BetaBooks is now cared for across a long distance. Pam and Pedro are separated by countries, time zones, and very different daily routines, but the work is pointed in one direction: keeping this app useful and human for authors. Pam brings the support, care, and patience. Pedro brings the engineering and design work that keeps the app steady. After working with Andrew at two other companies, Pedro eventually found his way here too. Together, they are carrying forward a tool that started with Andrew and Paul and still has a lot of good work left in it.

A little about Pam. She’s a musician: singer, piano and penny whistle dabbler, and professional French horn player. She played with the North Carolina Symphony for 5 years and taught for a bit at UNC before moving to San Francisco to pursue full-time motherhood. She knows about making a career as an artist: creating, crafting, persisting in the face of rejection, collaborating and connecting, all of that. She is currently writing her first book and reads Sanderson novels in the 5 minute gaps she can find throughout the day (it takes a VERY long time to finish one of his books when reading this way).

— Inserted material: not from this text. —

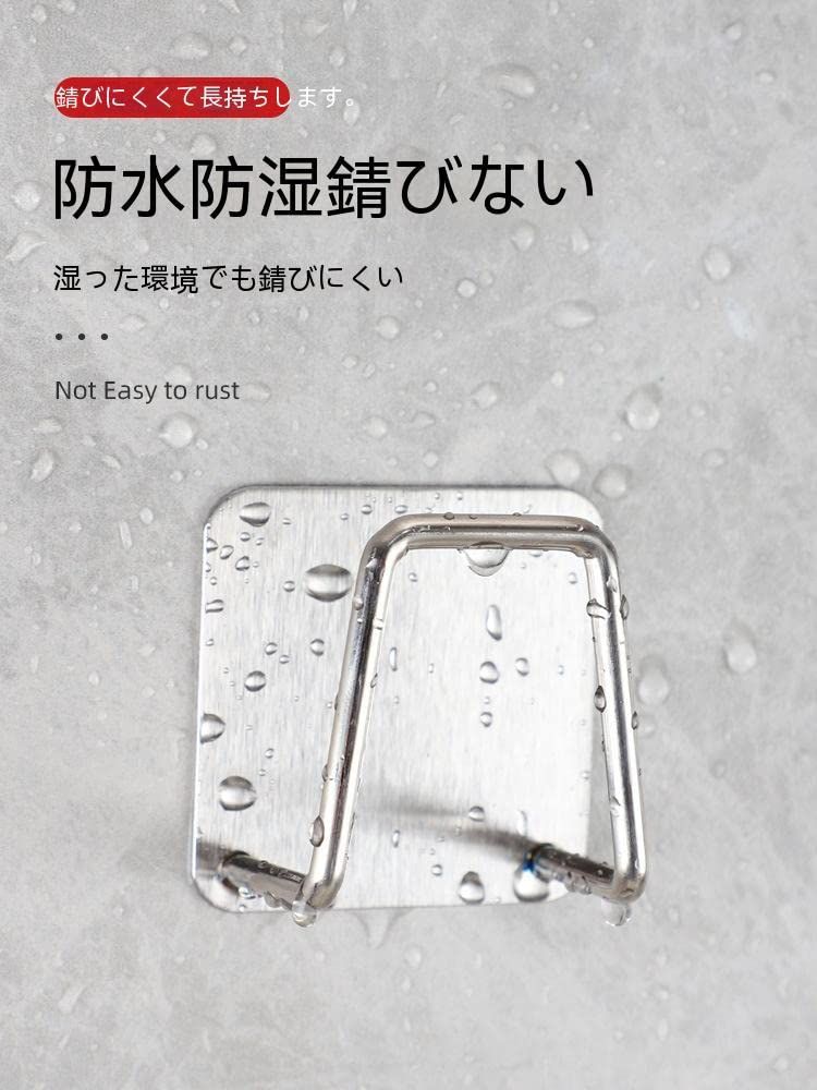 【粘着固定】強力粘着フックを採用して壁に粘着固定、特殊粘着剤で水濡れてもずれ落ちにくいです。穴開けが不要なので取り付け面をキズつけることもありません。

A little about Pedro. He currently works as a Software Engineer at Mercury. Before becoming an engineer, he spent years as a designer at a textbook publisher in Brazil, where he also translated, wrote short children’s stories, and helped create learning material. All four of his children learned to read using that material, which is still one of the things he is most proud of. That mix of design, writing, and engineering is what he brings to BetaBooks: a love for software that is useful, carefully made, and respectful of the people using it. Outside of work, he enjoys getting outdoors for trail running and camping with his family.

How BetaBooks began

BetaBooks began in spring 2016, when Andrew wrote his first novel and tried to organize a beta read the usual way: email threads, attachments, changed chapters, and scattered notes. It did not take long for the practical problems to show up.

Readers had trouble opening files. Andrew had no simple way to know who was actually reading. Useful feedback got buried in his inbox. And once he started sending revised chapters, he had to wonder which version each reader had seen.

Those became the first Beta Woes.

Paul was one of the people Andrew had asked to read the book. When Paul asked how the beta was going, Andrew started explaining all the little frustrations that were getting between him and the writing. Finally he said it made him want to build an app to fix it.

“I’d call it BetaBooks.”

Paul liked the idea so much that he refused to keep reading until Andrew built it. That was Paul being Paul, but it worked. Andrew could write the code, Paul could help shape everything else, and Pam was there from the beginning, cheering, supporting, and eventually taking the helm.

Where things stand today

Andrew and Paul built BetaBooks because they understood a real problem authors face: sharing unfinished work is hard, and managing reader feedback should not make it harder. That original care is still the foundation of the app.

Today Pam and Pedro are carrying that work forward. Pam stays close to the authors and readers who use BetaBooks. Pedro takes care of the code and quiet maintenance that keeps it steady. The team is smaller now, but the goal is the same: help authors get their work in front of readers, learn from the feedback, and keep going.